Gallo avalia que entrar em um IPO não é uma decisão que deve ser tomada somente com uma visão de curto prazo, mas, sim, dentro de uma estratégia de investimentos para a carteira. “Quem decide investir em um IPO somente com visão imediatista não está investindo no sentido estrito do termo, mas, sim, ‘apostando’ ”, explicou. Segundo ele, investir em um IPO é buscar aplicar recursos aproveitando o momento de entrada dessa empresa no mercado e apropriar-se do ganho potencial do crescimento do valor de mercado.

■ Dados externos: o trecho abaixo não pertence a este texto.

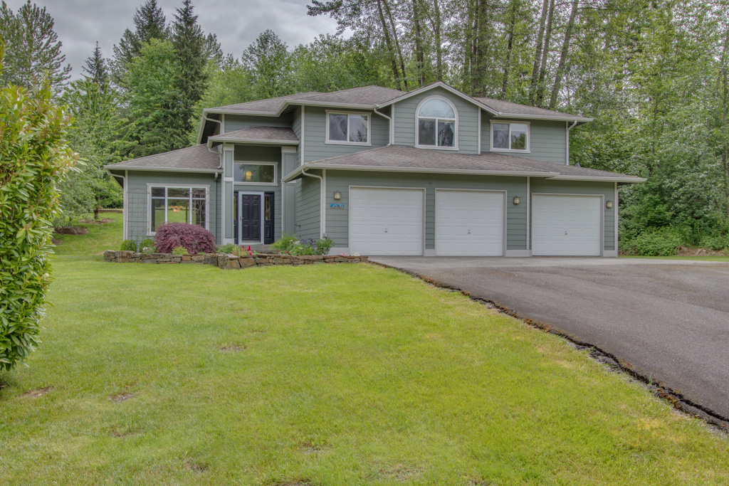 Set back on a private 2.3 acre lot, sits this open, flowing two story home in Timberline Estates. The gracious floorplan boasts 2231 s.f. & features 3 bedrooms, 2.5 baths plus den and bonus. The home has rich hardwood floors throughout! Many recent updates include - new exterior paint, refinished hardwoods on the main floor and newer appliances! As you enter the home… the vaulted foyer greats you. The formal living and dining room have dramatic ceilings and large windows overlooking the gardens. The chef's kitchen has tile counters, breakfast bar, gas range, ample storage and a built-in desk. The attached nook has a slider to the deck - perfect for entertaining or BBQing! The adjoining family room is quite spacious and has a cozy gas fireplace. Off the family room is the main floor den. The powder room is nicely appointed for your guests. The spacious master features a walk-in closet with custom organizers. The master bath has a double vanity, large soaking tub and a separate shower. Two additional bedrooms upstairs are quite spacious. The bonus room is generous in size and could easily be turned into a 4th bedroom - due to the installed 4 bedroom septic system on the home. The laundry room includes a well utilized space with stainless soaking sink, storage cabinets & stacked washer and dryer included. The home has a deep driveway and a three car garage. The yard is like your own private park! Entertainment sized deck overlooks the private rear yard. You will find a child's play set, storage shed, greenhouse, huge garden area and enough space to give you a very private feel!

Ele alerta, no entanto, que o risco de um IPO é como o de qualquer ação, no sentido de que investir em ações deve ser orientado por uma estratégia de investimento. “O desempenho pós IPO não tem um modelo e, historicamente, muitas empresas brasileiras não apresentam um bom desempenho nos dois anos seguintes”, apontou.

Já Luz orienta que o investidor deve se ater a alguns detalhes nas ofertas públicas, e se questionar sobre a finalidade do IPO, seja ele uma oferta primária, onde os recursos irão para o caixa da empresa, ou se será uma oferta secundária, quando os recursos irão para o bolso dos atuais acionistas.

Segundo ele, o último boom de IPOs em 2006/2007 deixou uma boa lição para empresas do setor de construção civil, pois poucas delas estão em patamares do seu IPO e muito investidor, que almejava se beneficiar da corrida de IPOs no longo prazo, teve uma decepção com algumas companhias. “A história tende a se repetir quando vemos empresas ainda no vermelho abrindo capital, embora suas perspectivas sejam favoráveis no longo prazo, porém, o risco a esse tipo de papel pode não compensar”, concluiu.